One hundred ninety-four patients were enrolled from June 20, 2013, to September 26, 2014 at 22 sites in Australia, Canada, Germany, Austria, France, Switzerland, Czech Republic, and Hungary (Supplementary Information File). The sponsor decided to stop the enrolment prematurely (see Supplementary Information File). The decision to stop the enrolment was not in any way related to safety issues. The premature termination resulted in an underpowering of the statistical analyses. Nevertheless, precisely defined MRI scans of this large patient cohort at the maximum magnetic resonance exposure burden provide strong corroboration related to safety aspects and electrical behavior of 146 ICD and pacemaker devices.
Three quarters of the enrolled patients (n = 146) underwent the study-specific MRI and constituted the analysis population described in Table 3. The reasons for not undertaking MRI in 48 patients were pre-procedure exclusion criteria (n = 29), consent withdrawal (n = 14, in 3 cases due to patient anxiety or claustrophobia before or during MRI scans), the investigator’s decision to renounce MRI (n = 3), and loss to follow-up (n = 2).

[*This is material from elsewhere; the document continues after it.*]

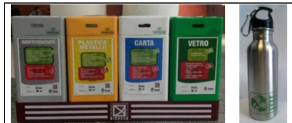
Fig.3. Left: an "Island" for differentiated waste collection at the University of Milano-Bicocca; Right: a BASE water flask

To comply with municipal standards, the containers on the islands were colored differently depending on the type of waste they were to contain (yellow for plastic and metal, white for paper, green for glass, and grey for undifferentiated waste, see Fig. 3), and these proved easy to identify and use. A preliminary communication campaign, giving clear information about the purpose of the new waste disposal system and how to use it, also contributed to the success of this initiative.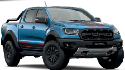
Ford Performance Blue 3

Table 4 shows the number of implanted devices from each category contributing separately to the primary hypotheses. The most common system was a dual-chamber ICD (n = 51), followed by a single-chamber ICD (n = 41), CRT-D (n = 27), ICD DX (n = 23), and CRT-P (n = 4). Nearly all pulse generators were placed in the left pectoral region (98%). The lead categories “ICD lead DF-1” and “ICD lead DF-4” were used in 76 and 66 patients, respectively. The Solia S lead was also well-represented (85 patients; 81 leads positioned in RA, 4 in RV). RA leads were mostly positioned in the RA appendage (85%), RV leads in the RV apex (52%) or at septum (42%), and LV leads (Corox) postero-laterally (50%) or laterally (47%).

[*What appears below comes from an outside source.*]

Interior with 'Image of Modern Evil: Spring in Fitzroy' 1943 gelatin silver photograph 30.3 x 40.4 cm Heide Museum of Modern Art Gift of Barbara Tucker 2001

Patients were included in the analysis irrespective of the adherence to the MRI procedure window (Fig. 1), provided that the minimum delay of 9 weeks post-implantation was respected. The mean time from implantation to MRI scan was 107 ± 48 days (median 92, maximum 330).
The programmed MRI pacing mode was V00 in 19 patients (13%), D00 in 13 (9%), and OFF in 114 (78%). The time between MRI mode programming and reactivation of the initial programming was 68 ± 26 minutes (median 61.5, range 40–202). Patient monitoring method was pulse oximetry in 131 patients (90%), ECG in 91 (62%), and blood pressure in 60 (41%); an average of 1.9 monitoring methods was used per patient. Siemens MRI systems were used in 87 patients (60%), Philips in 40 (27%), and GE in 19 (13%).

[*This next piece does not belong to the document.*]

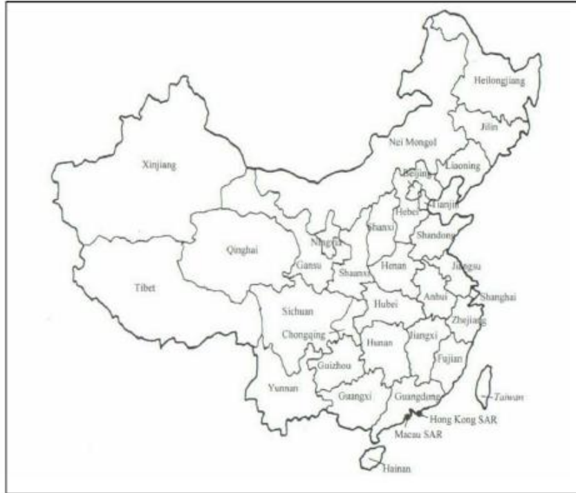
Figure 2a: China's provincial map

Migrants tend to concentrate in large cities. Using census and hukou data, the author has estimated that about half of the population in the four first-tier megacities (Shanghai, Beijing, Guangzhou, and Shenzhen) were migrants in 2020. Detailed, systematic data from the 2010 census also show that 44 percent of the population in cities with over 5 million people were migrants; three-fourths of them held a rural hukou and were thus predominately rural-to-urban migrants (Chan and Yang 2019; Zhao 2014). Women made up 47 percent of all migrants in 2010 and men accounted for 56 percent of long-distance migrants crossing provincial boundaries (Deng 2014).

Minimum, average, and maximum mean (±SD) achieved SAR (W/kg) of head scan sequences was 0.1 ± 0.1 (AX diffusion), 0.8 ± 0.8 (all sequences), and 1.5 ± 0.5 (COR FSE T2), as well as 0.4 ± 0.2 (Reference scan), 1.1 ± 0.6 (all sequences), and 1.5 ± 0.5 (SAG T2) for lumbar scan sequences.
All patients completed the study protocol at the 6-month post-MRI visit, except for three who were unable to appear for this follow-up and one who withdrew informed consent. No patient died during the study. The time from MRI scan to study termination was 183 ± 20 days (median 183, range 130–294).
No MRI-related SADE occurred between MRI programming and the 1-month post-MRI visit, resulting in a 100% (95%-CI: 97.5–100%) MRI-related SADE-free rate of all 146 ICD/CRT-D/CRT-P systems. However, due to the premature enrolment stop, the lower limit of the 95%-CI did not reach 90% in nine of the 12 predefined device categories (Table 4), disallowing the rejection of H1 and H2 null hypotheses.
Table 5 summarises the results for pacing threshold increase and sensing amplitude decrease from immediately before MRI to the 1-month post-MRI visit, including primary endpoints 2 and 3. The Corox lead failed to pass the statistical test for both of these endpoints because of an underpowered group size (n = 28) compared to the other three lead categories (n = 62–79). The Solia lead narrowly missed the predefined threshold of ≥−0.10 for the sensing amplitude. For the primary endpoints 2 and 3, the four Solia leads implanted in the RV were moved from Solia to the “ICD lead DF-1” category. In this way, RV measurements with Solia were pooled with RV measurements with ICD leads for RV pacing thresholds, sensing amplitudes, and pacing impedances, whereas the results for the Solia lead category consists of RA values only.
Events related to MRI
While there were no MRI-related SADEs or complications, three events were classified as possibly MRI-procedure related: (1) feeling of implant site warmth and mild pain in the left shoulder (dual-chamber ICD/DF-1), (2) feeling of implant site warmth and impression that one electrode was warmer (CRT-P), and (3) a low-intensity vibration around the ICD pocket and implant site paresthesia (dual-chamber ICD/DF-1). These temporary sensations did not require any action, and the MRI scanning continued. Subsequent device checks in these three individuals were unremarkable.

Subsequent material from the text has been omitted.